Near Eastern-Western Asiatic Gold Disc


A finely rendered Near Eastern Western Asiatic disc, hammered from a thin layer of gold. The piece displays a delicate floral decoration, comprising details incised and rendered in repousse technique.  The disc is cantered by a cabochon sky blue hard stone, possibly turquoise. Twisted wires, creating a braid-like motif, run around the outer edge of the disc. The piece features two pierced hols for attachment, one of which still holds an original gold hoop. This gold disc would have been part of elaborate necklaces, bracelets or sewed to garments and robes.

Date: 1st Millennium - 4th century BC
Condition: Extremely fine, suitable for modern wear.
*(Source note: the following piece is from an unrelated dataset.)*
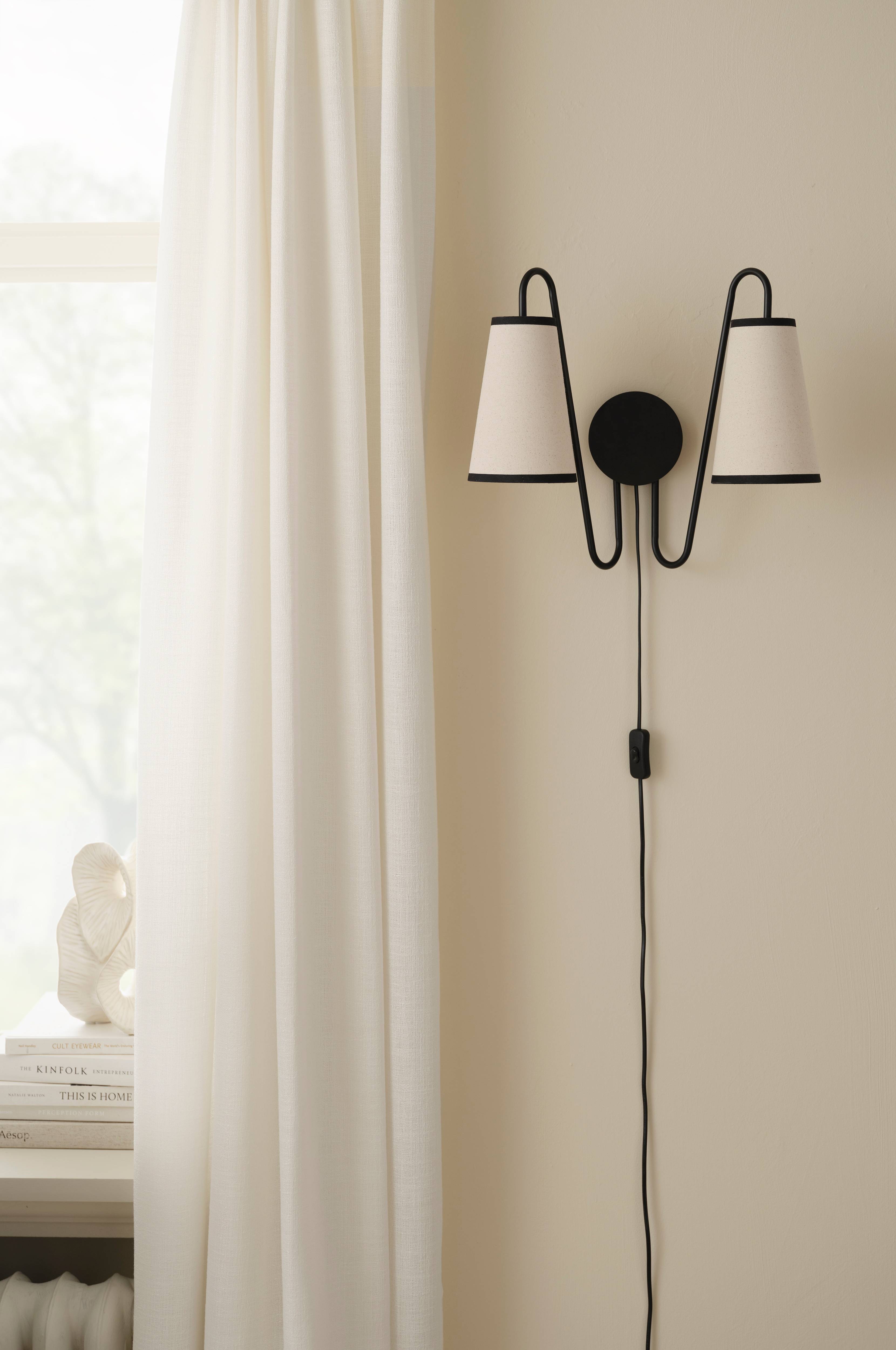 • Seinävalaisin metallirungolla ja kahdella lampunvarjostimella pellavakankaasta• Muovinen johto kytkimellä• Kaksi valonlähdettä• Valonlähde ei sisälly toimitukseen

Many grand civilizations inhabited the area of Western Asia in Antiquity, and their wealth and prosperity is witnessed by the very sophisticated precious metal crafting of jewellery. Gold would have been hammered down to a thin layer and manipulated into different shapes. Gold and silver jewellery would have featured gold granules, glass and semi-precious stone inlays and detailed engravings. Similar gold discs have been recovered from north-west Iran, precisely from the archaeological site of Hasanlu, an important centre in antiquity for the development of commerce and artistic production (beginning of 1st millennium BC). The practice of wearing such gold rosettes as piece of jewellery dates back to the Old Babylonian Period, and similar examples have been recovered in ancient Cyprus and Greece.

Weight 1.4 g
Dimensions L 2.7 x W 2.4 cm




Reference: For a similar item, The Metropolitan Museum, item 61.100.69.